SPILLERS is inviting owners of overweight horses and ponies to join their new Spillers Slimmers’ Club for support, advice and encouragement to help keep their horse or pony at a healthy weight.
The initiative is supported by Redwings Horse Sanctuary, who hope it will help people recognise that an overweight horse can be as much of a welfare risk as an underweight one – as highlighted by the Redwings case study below.
Obesity is a major welfare issue for horses and ponies, not only because of the direct weight-associated effects, but also due to the increased risk it poses for certain clinical conditions, in particular laminitis. Other health and welfare implications include increased joint strain, respiratory stress, heat intolerance, an increase in chronic low-grade inflammation in senior horses and reduced fertility.
The Spillers Slimmers’ Club provides horse owners with invaluable information and advice including weight loss tips, details of how to body condition score and use a weigh tape, diet plans and weight loss records. Club members will also receive access to a dedicated Facebook group where they can share their horse’s progress and tips with other owners, as well as post questions for Spillers nutritionists to answer.
“Some horses and ponies simply appear to get fat on thin air,” said Clare Barfoot RNutr, Marketing and Research and Development Director at Mars Horsecare UK, home of the Spillers brand.
“Reduced exercise and less rigorous management regimes due to COVID-19 restrictions haven’t helped and we are perhaps becoming guilty of normalising overweight horses. We all need to work together to tackle the problem, for the future health and welfare of our horses and we hope our Spillers Slimmers’ Club will help achieve exactly that.”
Spillers’ commitment to enhancing equine health and wellbeing is reflected in the feed brand’s extensive research work in the areas of EMS, obesity, laminitis and weight management. Via the Waltham Equine Studies Group, Spillers has been involved with more than 100 published research papers relating to these important topics in the past 20 years. This places them in a unique position to provide the very latest advice and practical support to help address the issue of equine obesity.
With Redwings helping to spread the word, even more horse owners are set to benefit from the guidance and support provided. The charity will be sharing literature with all those taking on a Redwings horse or pony, as well as sharing tips and answering practical management questions on the Spillers Slimmers’ Facebook group.
Nicola Knight, Head of Communications and Campaigns at Redwings Horse Sanctuary, said: “For almost 20 years, we have worked closely with Spillers to help raise awareness and support horse owners on a range of health and wellbeing issues. The Spillers Slimmers campaign is just as close to our hearts as we see more and more equines arrive at the Sanctuary requiring veterinary attention for conditions that could have been prevented with proper weight management.
“With a herd of 1,500 rescued horses, ponies, donkeys and mules, we also live the day-to-day challenges of pasture management and helping our residents maintain healthy weights throughout the changing seasons, whilst tending to their individual and specialist needs. We look forward to sharing our experiences through this latest exciting partnership with Spillers.”

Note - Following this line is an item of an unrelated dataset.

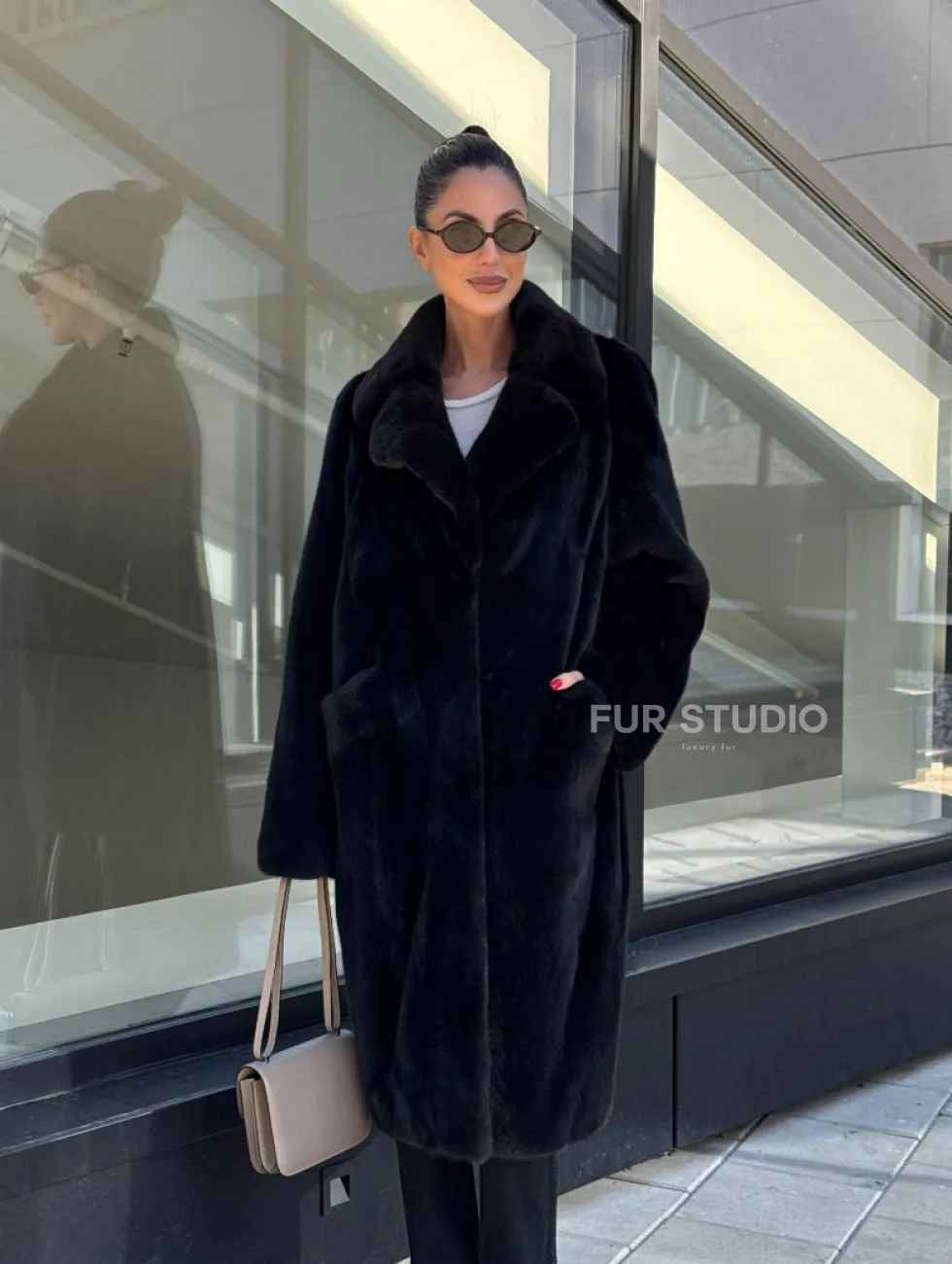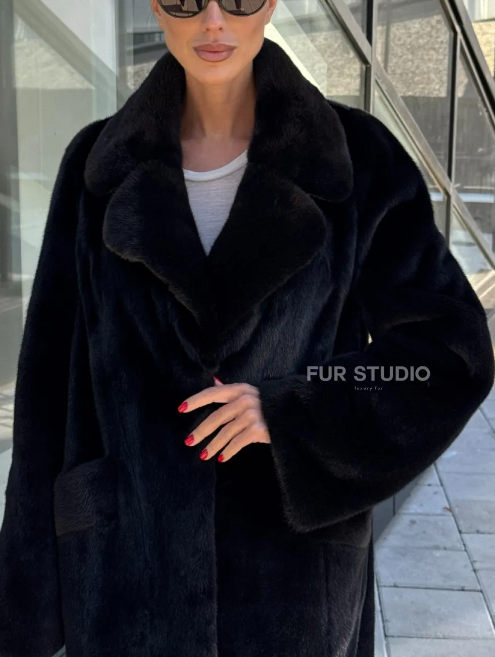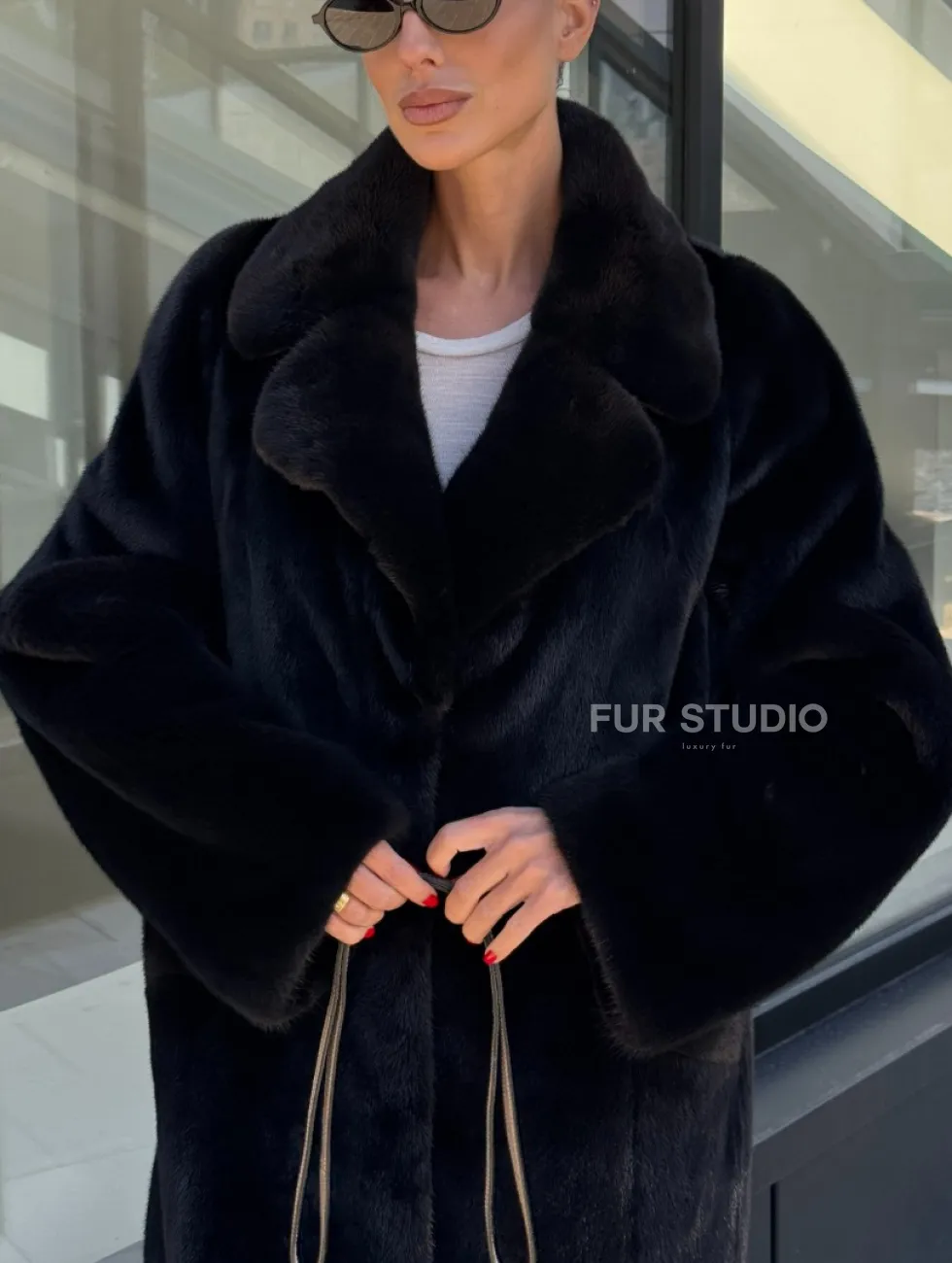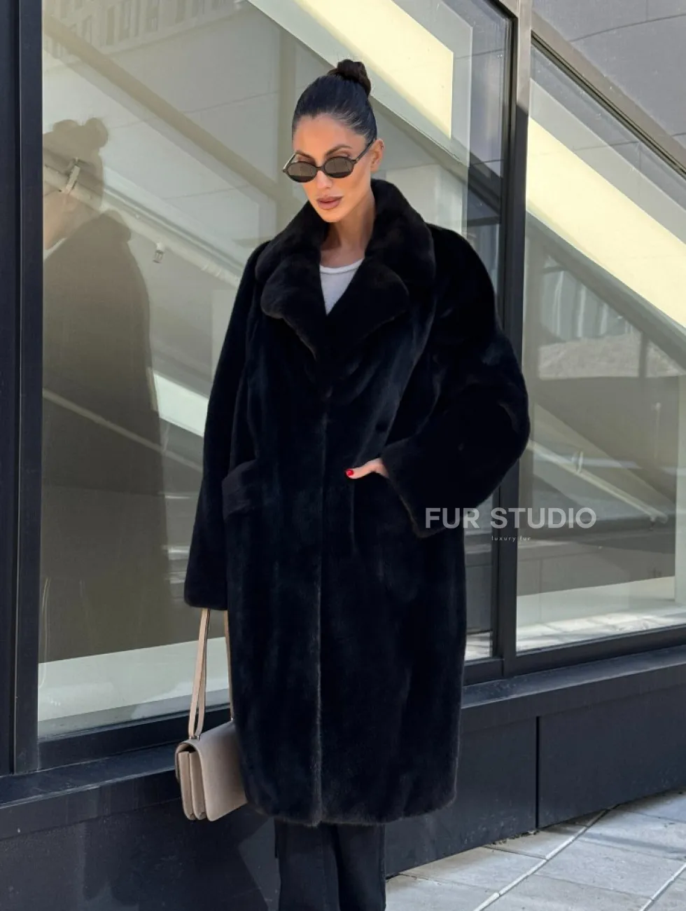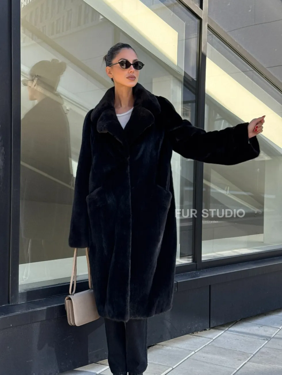 Мех данной шубы аукционная норка, цвет черный. Предлагается в размерах от 42 до 50. Длина модели 105-110 см, что выгодно подчеркивает фигуру девушек. Эта модель идеально подойдет для девушек и женщин, предпочитающих роскошные натуральные меха.

To celebrate the campaign and their longstanding partnership, Spillers has donated £500 to Redwings.
You can join the Spillers Slimmers’ Club via the Spillers Facebook page.

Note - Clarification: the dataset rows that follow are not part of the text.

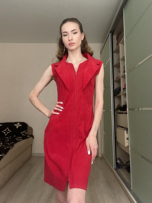 Сукня червоно кольору, зі змійкою посередині по всій довжині Без рукавів, з виразним коміром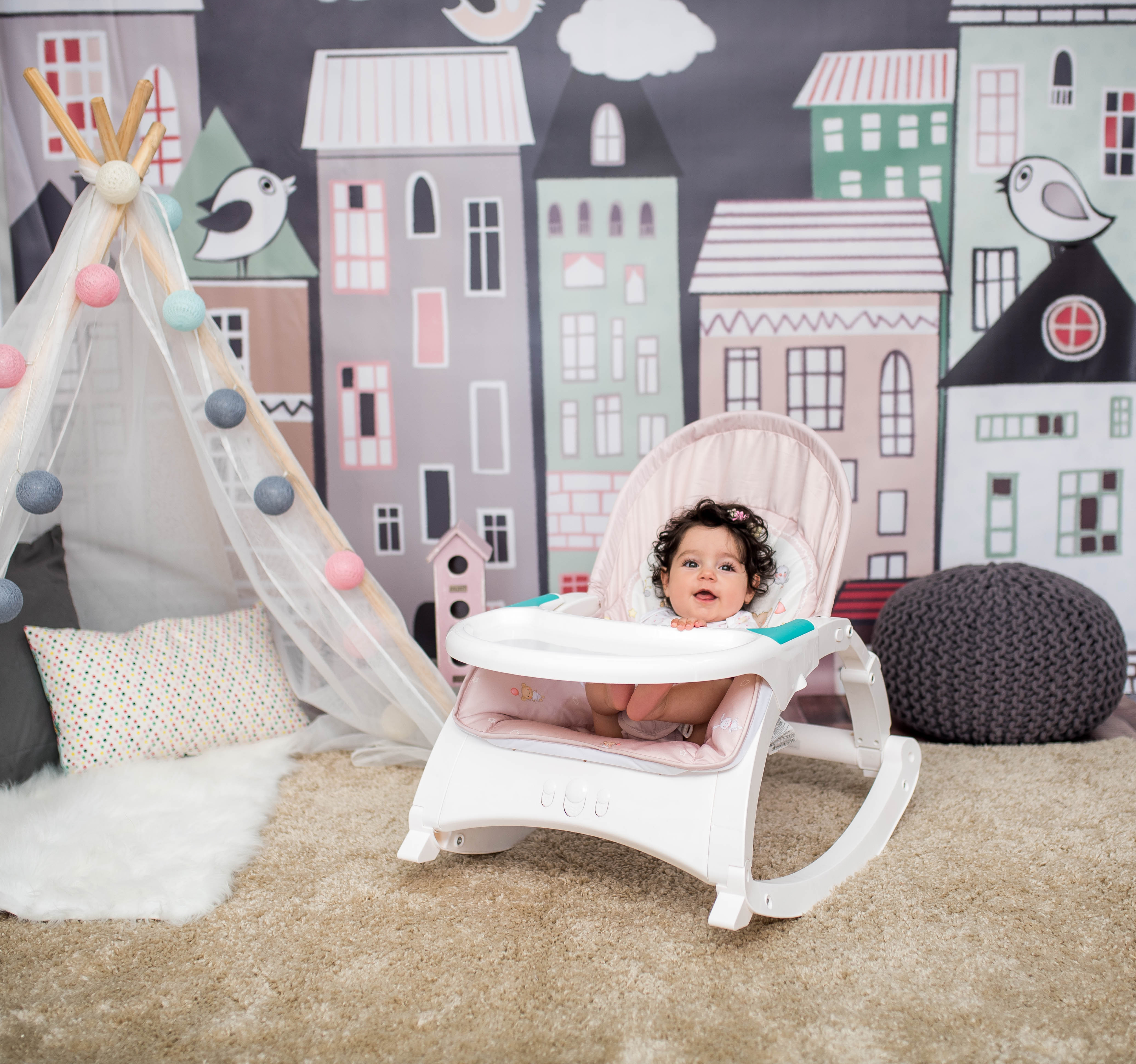 Fotoliul balansoar cu vibratii si muzica Enjoy este conceput pentru odihna si joaca. Sezutul si spatarul confortabile si reglabile, impreuna cu bara cu jucarii tentante, asigura odihna si relaxarea bebelusului, oferind astfel timp liber parintilor.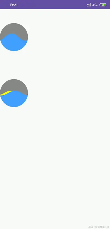 这个方法正好适合我们绘制波浪的场景啊。我们用圆形的path对画布进行剪切,后续绘制的图案也只有圆形范围内才会显示。我们用填充的方式绘制一个顶部为波浪的框形状,最后展现出来的效果便是,只有圆形区域可以显示波浪,外围会被切割掉。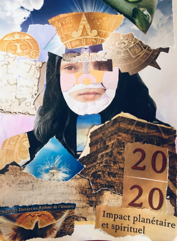 Finalement j’ai fait un collage fou. Je m’étais donné la consigne de n’utiliser qu’un seul magazine (déjà assez entamé) et de créer quelque chose de laid. Bon, je ne trouve pas ça nécessairement laid, mais de partir avec cette idée, c’est fou comme ça enlève la pression de faire du beau. Ça me garde dans le plaisir et non dans la performance. Parfois le résultat est surprenant. Y’a plein d’histoires qui veulent sortir de cette création.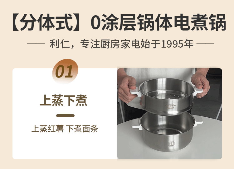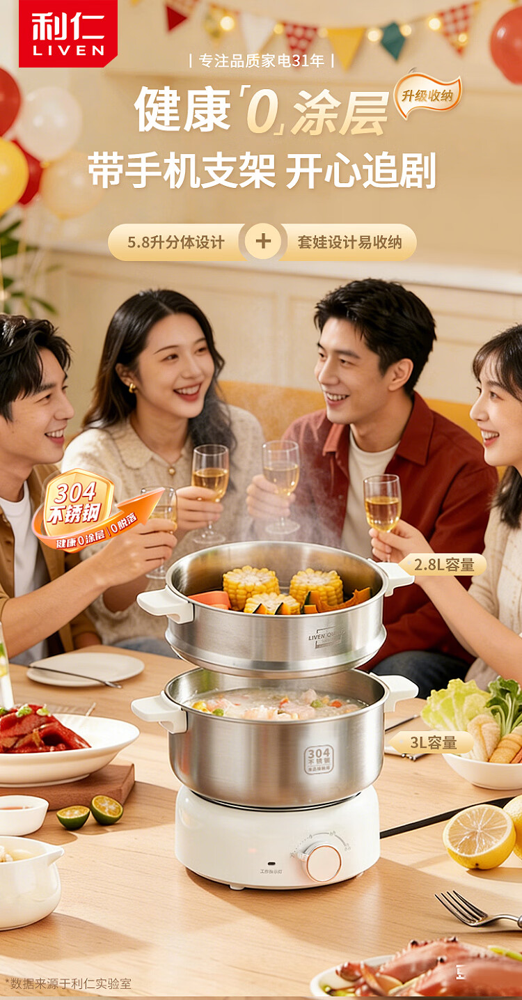 利仁(Liven)小钢人电火锅304不锈钢电煮锅分体式小电锅小型2-3人用3升小锅0涂层电蒸锅电热锅带蒸笼DHG-J368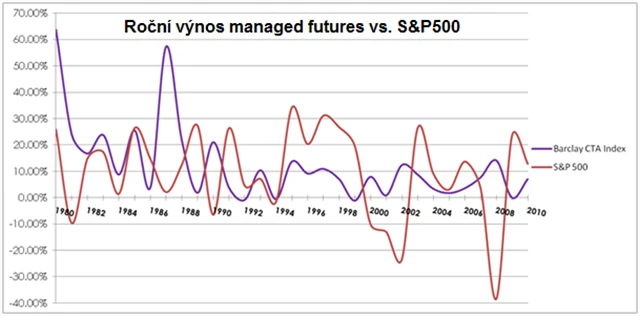 Jednou ze silných stránek managed futures je jejich nízká volatilita, která je zapříčiněna schopností široké diverzifikace. Index Barclay CTA zahrnující 533 programů managed futures (2010) vykazuje v porovnání s indexem S&P 500 konzistentní růst bez významnějších propadů.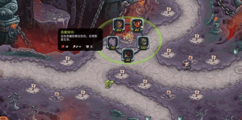 “恶魔熔坑” 是游戏中第 7 关解锁的控场辅助型防御塔,核心优势在于拦截敌人与持续伤害输出,而非主力爆发。它能持续召唤小恶魔拦截地面敌人,小恶魔死亡后会触发爆炸;升级 “爆炸大师” 技能后,爆炸伤害将显著提升,还会附带无视护甲的持续灼烧效果。另一项核心技能 “天降魔头” 可召唤大恶魔,既能阻挡敌人前进路线,又能造成范围爆炸伤害,且冷却时间较短,适合频繁控场。这款防御塔在狭窄通道、精英怪密集的关卡中表现尤为突出,能有效拖延敌人推进节奏。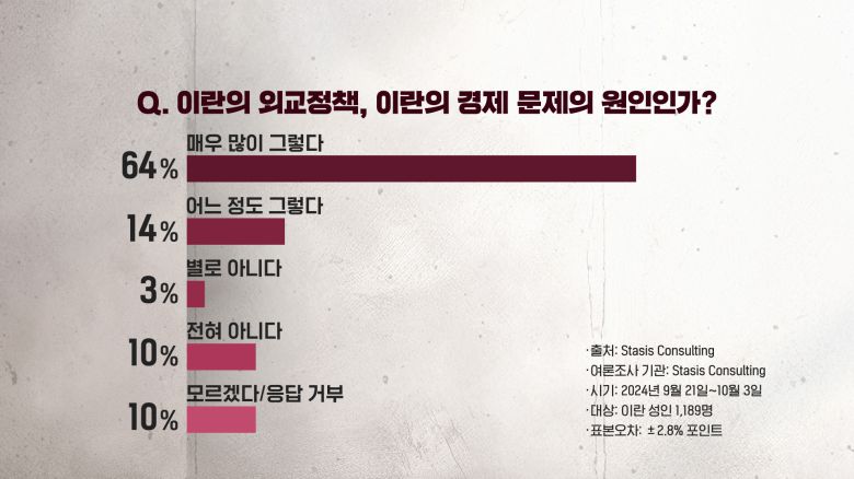 이란인들을 대상으로 이루어진 지난해 여론조사에 따르면요. 이란의 외교 정책이 이란 경제 문제에 어느 정도까지 원인이 되는지 묻는 질문에 전체의 64%가 이란의 외교 정책이 이란 경제 문제에 매우 많이 원인이 된다, 이렇게 답을 했습니다.

Redwings Horse Sanctuary Weight loss case study: ‘John’
HACKNEY-cross ‘John’ was described by a vet as ‘grossly overweight’ when he was rescued in May 2020. The 11-year-old was just over 15 hands, yet weighed 612kg and had a body condition score of 5 on the 0-5 scale. ‘John’ was also suffering from the painful effects of laminitis, not helped by the additional pressure being put on his laminae by his excessive bodyweight.

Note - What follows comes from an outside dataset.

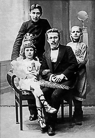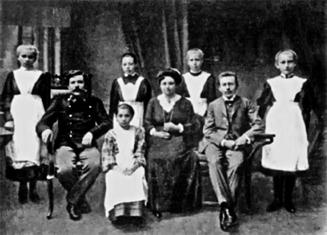 3. Слева направо: мать А. С. – Татьяна Михайловна Макаренко с дочерью Наташей на коленях, сестра Татьяны Михайловны – Пелагея Михайловна, Александра Семеновна (старшая сестра А. С.), отец А. С. – Семен Григорьевич Макаренко с сыном Антоном, муж Пелагеи Михайловны с сыном Василием. 1894 г.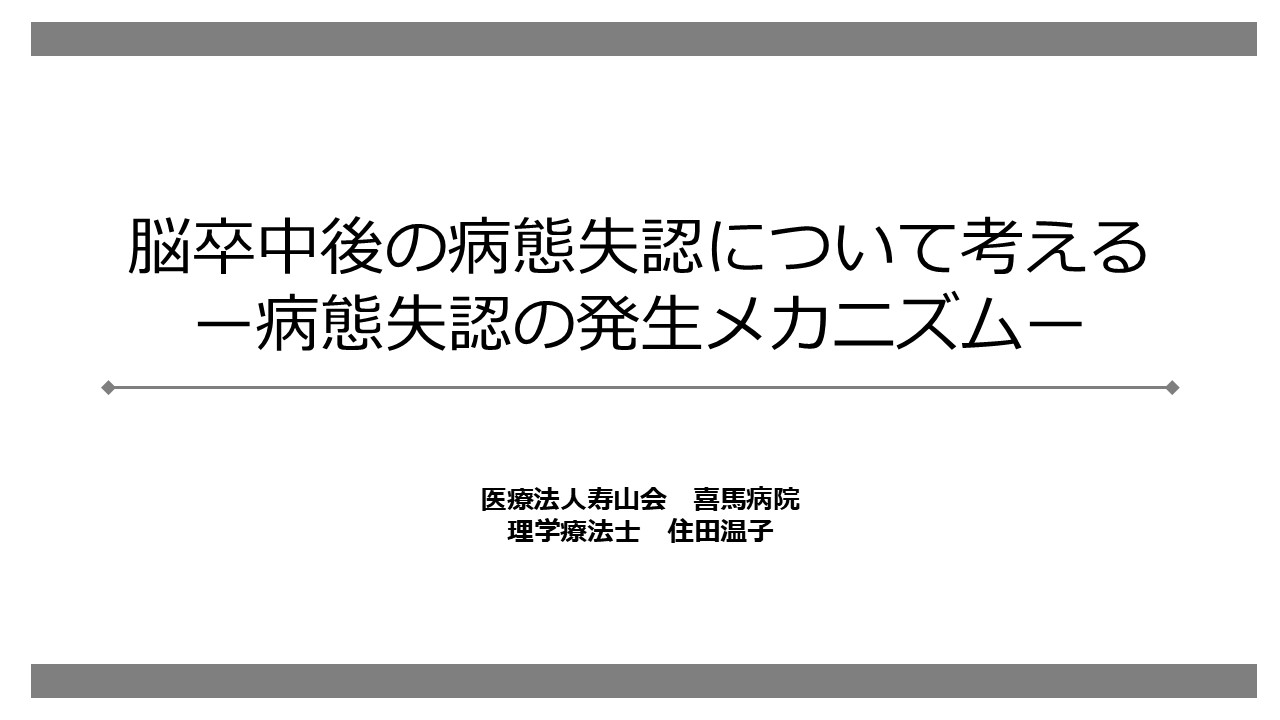 脳血管疾患で生じる病態失認は、ADL改善やリハビリテーションを実施していくうえで大きな障壁になりえる病態です。自身の病態について認識が乏しいため、危険行動が頻発されたり、リハビリ拒否などにつながることがあります。そのため、なかなかうまく改善が進まない経験をお持ちの方も多いのではないでしょうか。本動画では、病態失認はどのようなエラーで生じているのか、どのような評価で判断し、治療に活かすか、について解説しています。

Part of the immediate care ‘John’ received on arrival at Redwings was to begin a carefully planned weight loss programme. While urgent, his diet needed to be managed to ensure all ‘John’s’ nutritional, physical and psychology needs would be consistently met, while gradually losing body fat.
By seeing ‘John’s’ weight loss as an essential but long-term project, our veterinary and horse care teams enabled ‘John’ to lose an incredible 167kg over a 14-month period. This amounted to more than a quarter of his original body weight, and more than a third of what ‘John’s’ weight would have been if his owner had monitored and managed his condition effectively.
Ridden work was not an option for ‘John’, partly due to his laminitis. For some horses, exercise can play a significant role in helping to increase energy use alongside reducing calorie intake. However, this case shows that significant weight loss is still achievable for a non-ridden horse.
In addition to looking far healthier, ‘John’s’ weight loss also transformed his behaviour. The often grumpy, food-obsessed gelding became far more relaxed, sociable and easier to handle.
‘John’s’ owner had been made aware of the risk ‘John’s’ condition posed to his health and was given practical advice on numerous occasions to help her reduce his weight. Having ignored every effort to guide and support her, ‘John’ was removed from his owner’s care while legal action was taken against her by the RSPCA.
Found guilty of causing unnecessary suffering to ‘John’, his owner was banned from keeping any equine for three years, ordered to pay almost £9,000 in costs, fines and charges, and ‘John’ was transferred into Redwings’ permanent ownership.